Человек-саламандра - Бирюков Александр Викторович. Страница 72
– А нечто в лесу? – спохватился Лендер. – Эта зеленая повозка? Она как относится ко всему?
– Черная повозка, зеленая повозка, пятнистая повозка… – проговорил Кантор с усмешкой. – Черный цвет – только образ.
– Они назвали ее кингслеер…
– Название как название, – дернул плечом Кантор.

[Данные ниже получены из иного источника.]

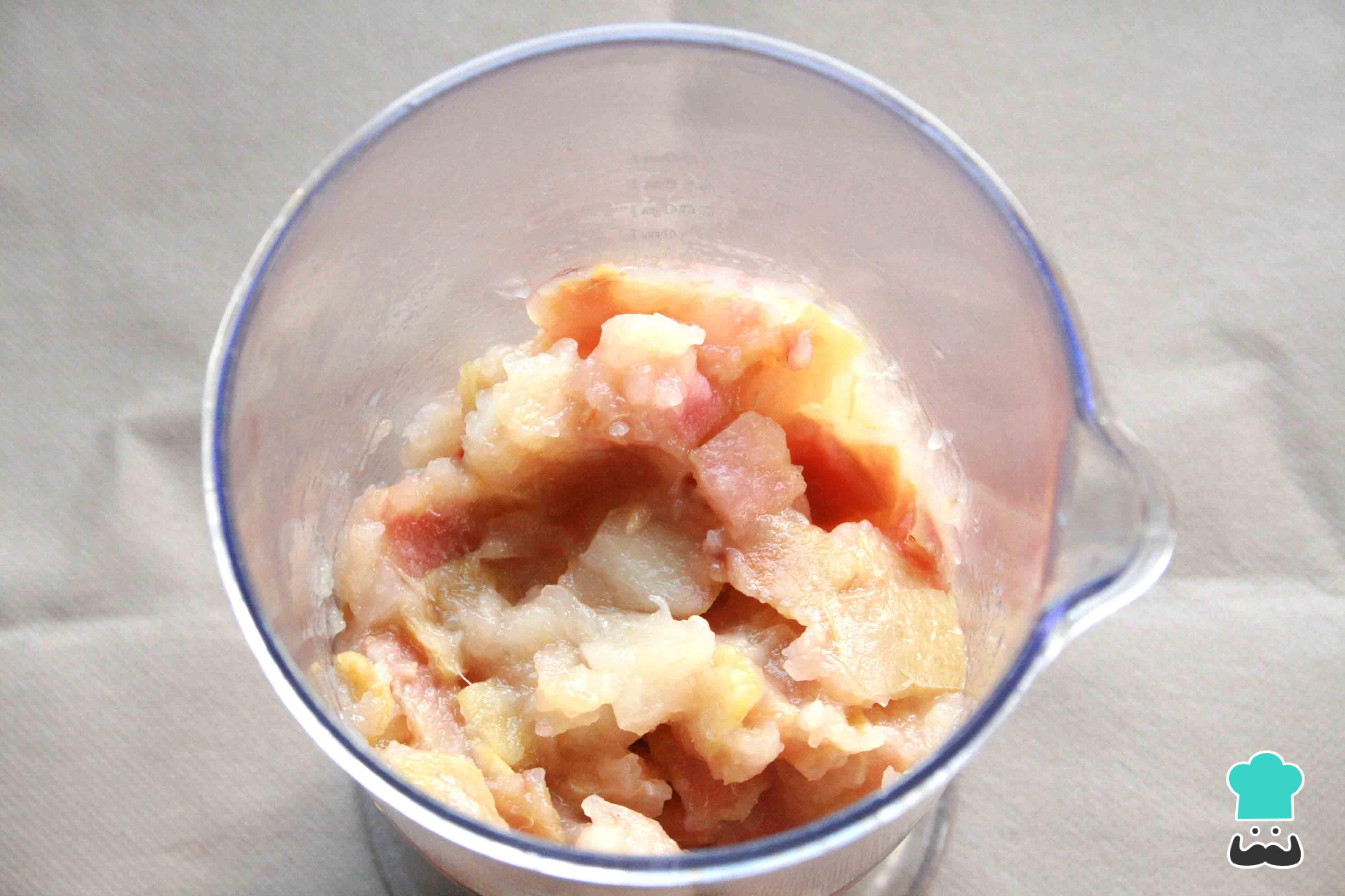 Agrega la gelatina diluida al puré de manzana reservado. Mezcla hasta que todo quede integrado por completo.

– Это как-то связано с беглецом?
– Возможно, опять же, только как символ. Но лучше бы ее не было вообще. Что-то не вяжется тут. Не тот узел. Столь же таинственный, как и наш. А может, и больше, но не тот. Неправильно увязанный узел. Однако с ним нам тоже придется иметь дело.

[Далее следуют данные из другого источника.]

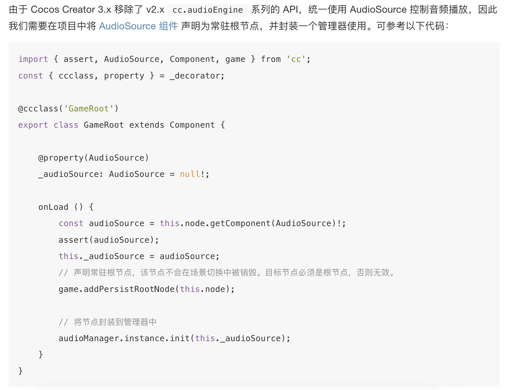 import { _decorator, Component, Node, AudioSource,resources, AudioClip} from ‘cc’;

– А это странное существо? Ну, человек-саламандра? Оно как увязано?
– Пока не знаю. Но надеюсь узнать.
– Почему так много времени мы потратили на разговор о коллекции оружия?

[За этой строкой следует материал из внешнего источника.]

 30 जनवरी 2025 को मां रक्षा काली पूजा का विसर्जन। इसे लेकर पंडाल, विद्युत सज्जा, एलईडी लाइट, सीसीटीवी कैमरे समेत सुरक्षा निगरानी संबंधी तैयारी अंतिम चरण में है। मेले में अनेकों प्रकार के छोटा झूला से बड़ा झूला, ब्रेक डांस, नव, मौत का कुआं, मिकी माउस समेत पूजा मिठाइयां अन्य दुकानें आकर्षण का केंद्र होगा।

– Познание ближнего делает тебя мудрым, – ответил Кантор загадочно.
– Этот шеф жандармов… Он держит свои драммеры на россыпях патронов, как меч Урзуса Лангеншейдта на пестрой фасоли…
– Вот вам еще один символ, – вновь невесело усмехнулся антаер. – Возможно, я зря так разговаривал с шефом жандармов. Он неплохой человек и делает свое дело, как умеет. А его люди хорошо подготовлены для той работы, которая вменена им в обязанность. Другое дело, что они совершенно не готовы к встрече с мифологическим существом.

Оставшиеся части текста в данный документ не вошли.